(Records excerpted from a collection)
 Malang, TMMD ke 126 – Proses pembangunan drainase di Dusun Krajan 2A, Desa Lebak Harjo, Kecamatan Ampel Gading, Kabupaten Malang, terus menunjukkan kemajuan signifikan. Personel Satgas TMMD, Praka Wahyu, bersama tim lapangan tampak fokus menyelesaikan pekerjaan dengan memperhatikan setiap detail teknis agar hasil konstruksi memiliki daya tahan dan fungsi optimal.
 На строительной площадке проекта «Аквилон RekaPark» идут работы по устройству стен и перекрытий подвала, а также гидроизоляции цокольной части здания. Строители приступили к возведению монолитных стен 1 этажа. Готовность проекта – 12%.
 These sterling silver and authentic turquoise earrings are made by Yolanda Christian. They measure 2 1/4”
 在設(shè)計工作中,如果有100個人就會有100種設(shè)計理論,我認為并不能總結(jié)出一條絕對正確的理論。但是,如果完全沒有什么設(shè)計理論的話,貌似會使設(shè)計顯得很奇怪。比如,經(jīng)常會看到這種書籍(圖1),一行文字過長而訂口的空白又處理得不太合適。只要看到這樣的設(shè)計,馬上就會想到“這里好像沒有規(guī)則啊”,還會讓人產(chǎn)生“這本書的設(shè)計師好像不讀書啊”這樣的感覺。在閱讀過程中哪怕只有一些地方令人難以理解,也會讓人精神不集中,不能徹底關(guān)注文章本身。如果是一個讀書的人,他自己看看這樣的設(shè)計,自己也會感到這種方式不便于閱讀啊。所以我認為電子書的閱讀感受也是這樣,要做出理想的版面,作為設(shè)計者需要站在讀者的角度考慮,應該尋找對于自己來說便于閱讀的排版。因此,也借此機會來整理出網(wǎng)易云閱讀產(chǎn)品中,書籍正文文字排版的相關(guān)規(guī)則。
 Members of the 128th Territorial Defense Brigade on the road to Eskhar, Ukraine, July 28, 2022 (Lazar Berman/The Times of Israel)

• [Work order]: From the records above, extract every entry verbatim.

• [Completed exercise]:
 Malang, TMMD ke 126 – Proses pembangunan drainase di Dusun Krajan 2A, Desa Lebak Harjo, Kecamatan Ampel Gading, Kabupaten Malang, terus menunjukkan kemajuan signifikan. Personel Satgas TMMD, Praka Wahyu, bersama tim lapangan tampak fokus menyelesaikan pekerjaan dengan memperhatikan setiap detail teknis agar hasil konstruksi memiliki daya tahan dan fungsi optimal.
 На строительной площадке проекта «Аквилон RekaPark» идут работы по устройству стен и перекрытий подвала, а также гидроизоляции цокольной части здания. Строители приступили к возведению монолитных стен 1 этажа. Готовность проекта – 12%.
 These sterling silver and authentic turquoise earrings are made by Yolanda Christian. They measure 2 1/4”
 在設(shè)計工作中,如果有100個人就會有100種設(shè)計理論,我認為并不能總結(jié)出一條絕對正確的理論。但是,如果完全沒有什么設(shè)計理論的話,貌似會使設(shè)計顯得很奇怪。比如,經(jīng)常會看到這種書籍(圖1),一行文字過長而訂口的空白又處理得不太合適。只要看到這樣的設(shè)計,馬上就會想到“這里好像沒有規(guī)則啊”,還會讓人產(chǎn)生“這本書的設(shè)計師好像不讀書啊”這樣的感覺。在閱讀過程中哪怕只有一些地方令人難以理解,也會讓人精神不集中,不能徹底關(guān)注文章本身。如果是一個讀書的人,他自己看看這樣的設(shè)計,自己也會感到這種方式不便于閱讀啊。所以我認為電子書的閱讀感受也是這樣,要做出理想的版面,作為設(shè)計者需要站在讀者的角度考慮,應該尋找對于自己來說便于閱讀的排版。因此,也借此機會來整理出網(wǎng)易云閱讀產(chǎn)品中,書籍正文文字排版的相關(guān)規(guī)則。
 Members of the 128th Territorial Defense Brigade on the road to Eskhar, Ukraine, July 28, 2022 (Lazar Berman/The Times of Israel)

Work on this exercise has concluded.